Task directions: Nothing should appear in the answer except the lines below from the line containing "Видински деца с" through the line containing "Дилором ИМОМОВА, Олий", copied exactly, with pictures left out.

Supplied material:
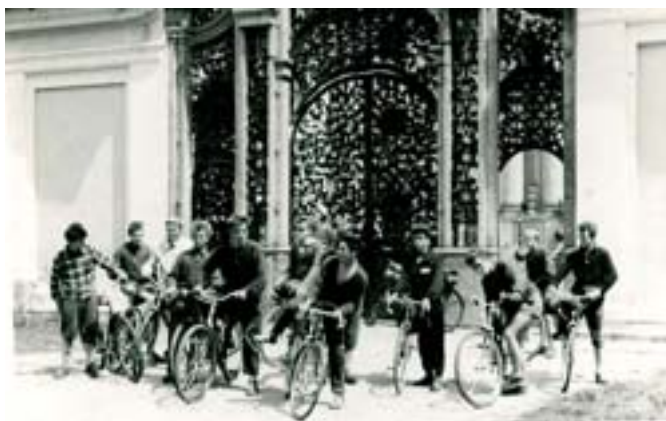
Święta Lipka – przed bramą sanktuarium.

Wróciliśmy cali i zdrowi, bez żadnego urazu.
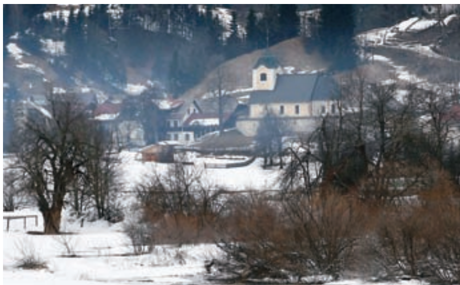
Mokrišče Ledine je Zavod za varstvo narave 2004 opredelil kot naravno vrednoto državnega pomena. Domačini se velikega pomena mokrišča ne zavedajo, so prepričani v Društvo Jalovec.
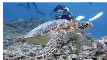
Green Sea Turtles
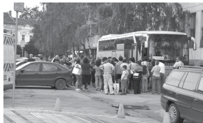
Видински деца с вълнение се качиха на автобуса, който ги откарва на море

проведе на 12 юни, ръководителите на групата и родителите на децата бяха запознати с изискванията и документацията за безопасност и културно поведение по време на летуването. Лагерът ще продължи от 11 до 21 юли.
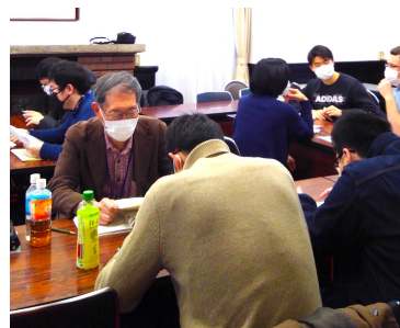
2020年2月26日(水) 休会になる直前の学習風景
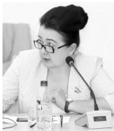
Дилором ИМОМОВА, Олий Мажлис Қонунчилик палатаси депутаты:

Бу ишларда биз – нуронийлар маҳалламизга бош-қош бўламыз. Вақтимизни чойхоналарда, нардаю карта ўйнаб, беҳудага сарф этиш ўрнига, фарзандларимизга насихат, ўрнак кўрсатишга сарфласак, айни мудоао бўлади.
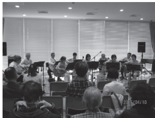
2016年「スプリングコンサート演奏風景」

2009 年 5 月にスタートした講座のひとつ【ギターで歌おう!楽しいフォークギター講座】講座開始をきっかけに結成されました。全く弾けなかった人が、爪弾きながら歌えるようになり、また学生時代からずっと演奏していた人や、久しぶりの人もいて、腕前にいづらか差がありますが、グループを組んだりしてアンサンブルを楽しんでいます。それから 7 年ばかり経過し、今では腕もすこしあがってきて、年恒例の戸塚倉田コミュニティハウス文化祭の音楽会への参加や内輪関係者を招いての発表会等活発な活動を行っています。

Exercise response:
Видински деца с вълнение се качиха на автобуса, който ги откарва на море

проведе на 12 юни, ръководителите на групата и родителите на децата бяха запознати с изискванията и документацията за безопасност и културно поведение по време на летуването. Лагерът ще продължи от 11 до 21 юли.
2020年2月26日(水) 休会になる直前の学習風景
Дилором ИМОМОВА, Олий Мажлис Қонунчилик палатаси депутаты:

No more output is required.